* _Problem requirements_
Retype the data below exactly; skip every image.

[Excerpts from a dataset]
########################################

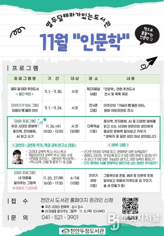 브릿지저널 정보영 기자 | 천안시 두정도서관은 11월 한 달간 ‘인문학’을 테마로 도서관을 운영한다고 3일 밝혔다.
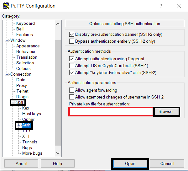 Browse버튼을 눌러 아까 PuTTYgen으로 생성된 키를 선택합니다.
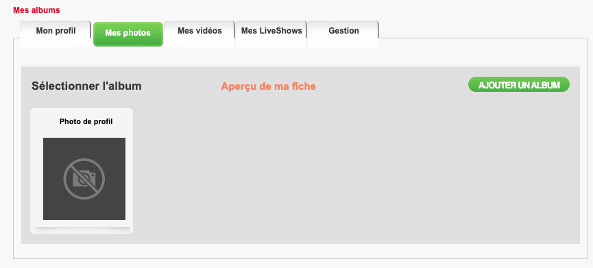 Via la rubrique “Mon profil”, vous pouvez accéder à différents onglets comme “Mes photos”, “Mes vidéos”, “Mes LiveShows” vous permettant de partager avec la communauté des éléments multimédia comme des photos et vidéos de vous.
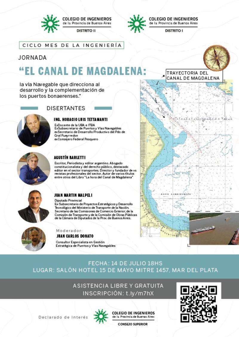 Organizado por el Colegio de Ingenieros de la Provincia de Buenos Aires, (Distritos I y II), el 14 de julio a partir de las 18 hs se llevará a cabo la Jornada "El Canal Magdalena, la Vía Navegable que Direcciona al Desarrollo y la Complementación de los Puertos Bonaerenses".
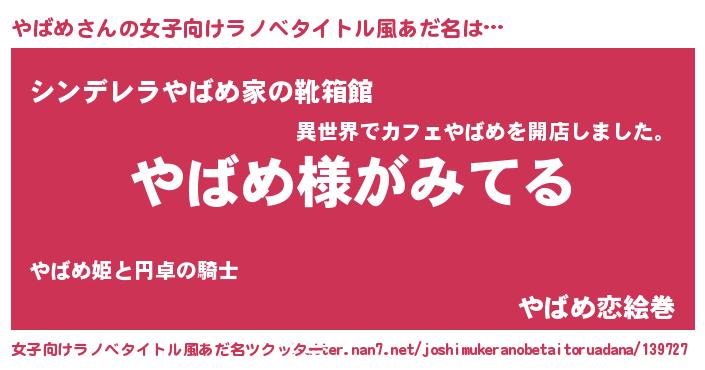 | 男性向けラノベタイトル風あだ名 | 『やばめの嫁は女の子じゃないと思った?』 |
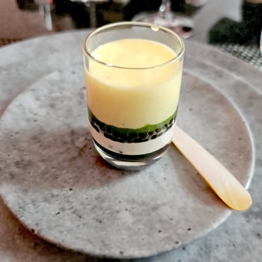 For our visit to Guy Savoy, we opted for the Krug Table, which is the only experience of its kind in the United States - and North America, for that matter. This experience takes you into the kitchen, to a small private dining room that lets you observe the chefs as they work their magic. The whole 9-course meal is served here, unlike some other places where you’re served an appetizer in the kitchen, then escorted out to the main dining room to complete your meal (or vice versa).
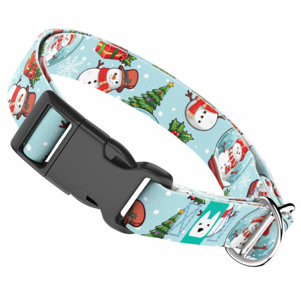 Hóember mintás nyakörv kutyádnak különböző méretekben. Öltöztesd kedvenced hazai gyártású egyedi nyakörvünkbe, amit kérhettek trendi rose gold, mindig elegáns ezüst fém alkatrészekkel vagy könnyű műanyag csattal. Ahhoz, hogy ezeket a különleges mintákat meg tudjuk alkotni, műhelyünkben nyomtatjuk a hevedert. Minden terméket csak igény esetén gyártunk le, így elker
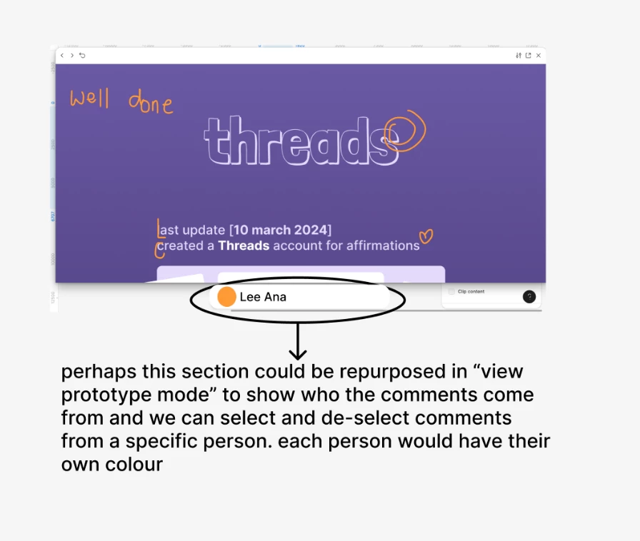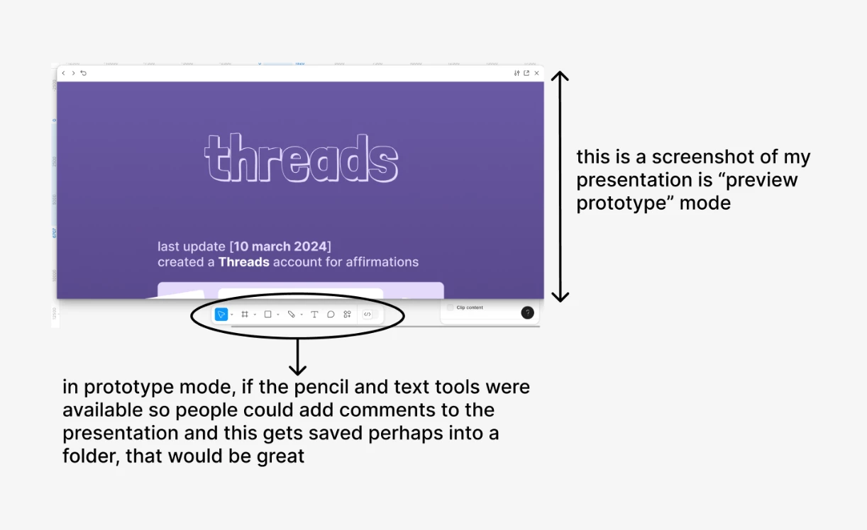 my suggestion is about when we’re in prototype mode. I would love the ability to draw onto the designs without changing the designs and leaving comments using the pencil tool - maybe even writing as well. I attached screenshots of a super simple concept of the idea (for one person commenting on the slides). thank you to the figma team for such an awesome tool. also; much love to all, xo

########################################

* _Written solution_
 브릿지저널 정보영 기자 | 천안시 두정도서관은 11월 한 달간 ‘인문학’을 테마로 도서관을 운영한다고 3일 밝혔다.
 Browse버튼을 눌러 아까 PuTTYgen으로 생성된 키를 선택합니다.
 Via la rubrique “Mon profil”, vous pouvez accéder à différents onglets comme “Mes photos”, “Mes vidéos”, “Mes LiveShows” vous permettant de partager avec la communauté des éléments multimédia comme des photos et vidéos de vous.
 Organizado por el Colegio de Ingenieros de la Provincia de Buenos Aires, (Distritos I y II), el 14 de julio a partir de las 18 hs se llevará a cabo la Jornada "El Canal Magdalena, la Vía Navegable que Direcciona al Desarrollo y la Complementación de los Puertos Bonaerenses".
 | 男性向けラノベタイトル風あだ名 | 『やばめの嫁は女の子じゃないと思った?』 |
 For our visit to Guy Savoy, we opted for the Krug Table, which is the only experience of its kind in the United States - and North America, for that matter. This experience takes you into the kitchen, to a small private dining room that lets you observe the chefs as they work their magic. The whole 9-course meal is served here, unlike some other places where you’re served an appetizer in the kitchen, then escorted out to the main dining room to complete your meal (or vice versa).
 Hóember mintás nyakörv kutyádnak különböző méretekben. Öltöztesd kedvenced hazai gyártású egyedi nyakörvünkbe, amit kérhettek trendi rose gold, mindig elegáns ezüst fém alkatrészekkel vagy könnyű műanyag csattal. Ahhoz, hogy ezeket a különleges mintákat meg tudjuk alkotni, műhelyünkben nyomtatjuk a hevedert. Minden terméket csak igény esetén gyártunk le, így elker
 my suggestion is about when we’re in prototype mode. I would love the ability to draw onto the designs without changing the designs and leaving comments using the pencil tool - maybe even writing as well. I attached screenshots of a super simple concept of the idea (for one person commenting on the slides). thank you to the figma team for such an awesome tool. also; much love to all, xo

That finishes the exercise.